Pictures must not be copied, but every entry must be reproduced exactly.

Excerpts from a dataset:

== Segment start ==

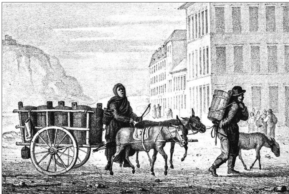
„Dunavizes”-ek vizesputtonyokkal (Az Ország Tükre 1864. 113.)
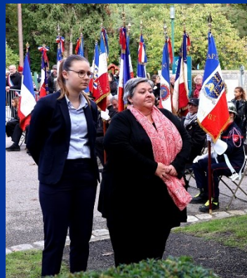
Aincourt le 4 octobre
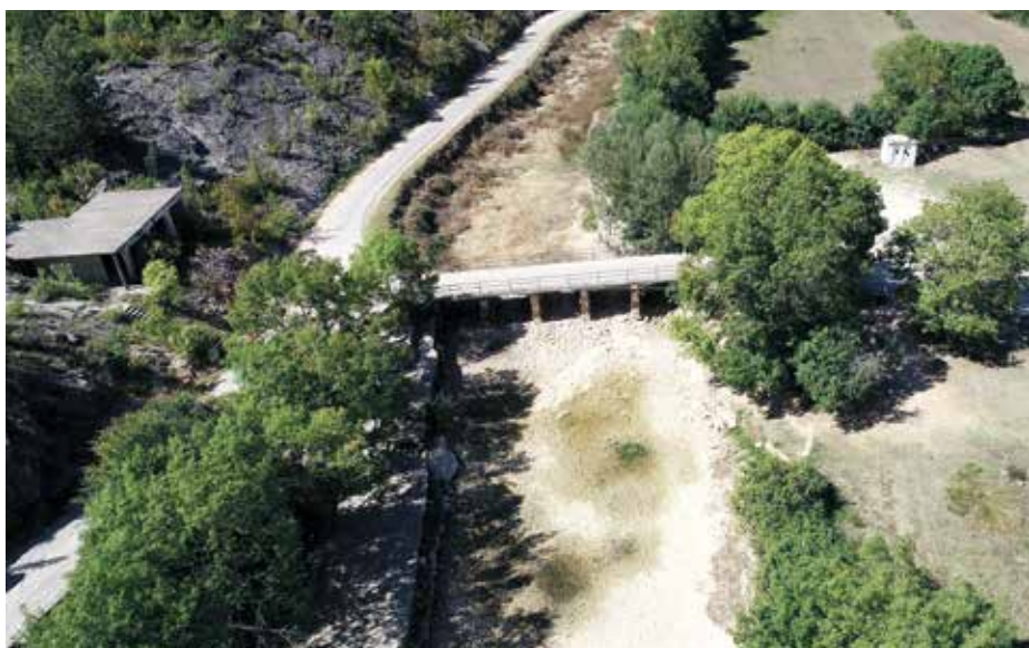
8. Suho korito rijeke Kraljušćice ispod vodozahvata, Konjic 26.10.2018
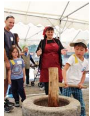
日米交流事業「餅つき」 （旧天尾小学校）

4月16日、旧天尾小学校で日米交流事業として「餅つき」が行われました。海兵隊岩国航空基地の家族と一般の親子連れなど約100人が参加し「よいしょ！」と元気な掛け声に合わせて、一生懸命きねで餅をついていました。

== Segment end ==

ANSWER TO THE EXERCISE:
„Dunavizes”-ek vizesputtonyokkal (Az Ország Tükre 1864. 113.)
Aincourt le 4 octobre
8. Suho korito rijeke Kraljušćice ispod vodozahvata, Konjic 26.10.2018
日米交流事業「餅つき」 （旧天尾小学校）

4月16日、旧天尾小学校で日米交流事業として「餅つき」が行われました。海兵隊岩国航空基地の家族と一般の親子連れなど約100人が参加し「よいしょ！」と元気な掛け声に合わせて、一生懸命きねで餅をついていました。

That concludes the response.